| PROVIDED MATERIAL |
◇ ◇ ◇ ◇

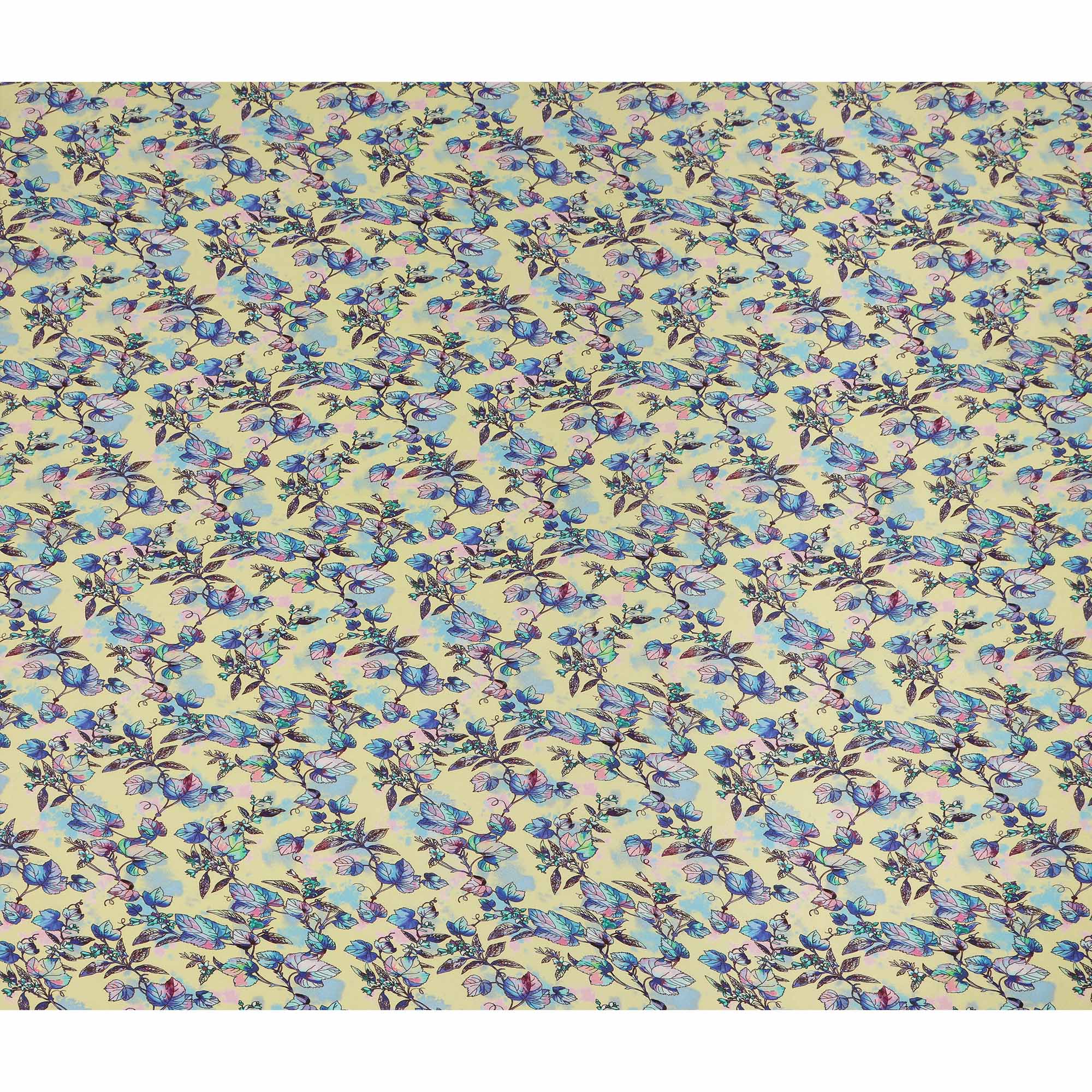 Pastel yellow base enhanced with blue floral leaf botanical print for fresh appeal
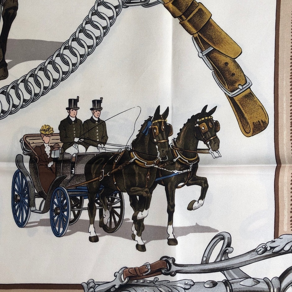 HERMÈS Scarf Equipages Vintage Silk Ledoux 1973 W/Box
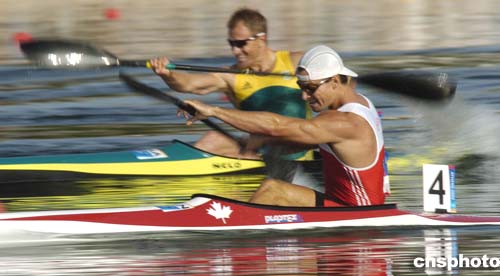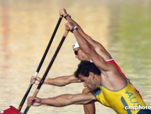 圖為當(dāng)?shù)貢r(shí)間25日舉行的男子皮劃艇單人1500米半決賽中,RICHARD DALTON和MARTIN MARINOV力拼對(duì)手的場(chǎng)景。最終Dalton因比MARINOV快半秒而獲得了第三名和一個(gè)決賽資格。
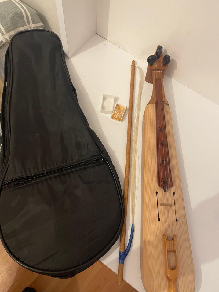 Ahşap yaylı bej kemençe, siyah taşıma kılıfı ve aksesuarlarıyla birlikte. Karadeniz kemençesi, hiç kullanılmadı. Marka etiketi silinmiş ancak sıfır ayarında. Kılıf, yay ve reçine ile birlikte verilecektir. Sorunsuzdur, pazarlık payı vardır.

◇ ◇ ◇ ◇

| TASK PROMPT |
If a picture appears in the data, omit it; transcribe all the rest exactly.

| WORKED SOLUTION |
 Pastel yellow base enhanced with blue floral leaf botanical print for fresh appeal
 HERMÈS Scarf Equipages Vintage Silk Ledoux 1973 W/Box
 圖為當(dāng)?shù)貢r(shí)間25日舉行的男子皮劃艇單人1500米半決賽中,RICHARD DALTON和MARTIN MARINOV力拼對(duì)手的場(chǎng)景。最終Dalton因比MARINOV快半秒而獲得了第三名和一個(gè)決賽資格。
 Ahşap yaylı bej kemençe, siyah taşıma kılıfı ve aksesuarlarıyla birlikte. Karadeniz kemençesi, hiç kullanılmadı. Marka etiketi silinmiş ancak sıfır ayarında. Kılıf, yay ve reçine ile birlikte verilecektir. Sorunsuzdur, pazarlık payı vardır.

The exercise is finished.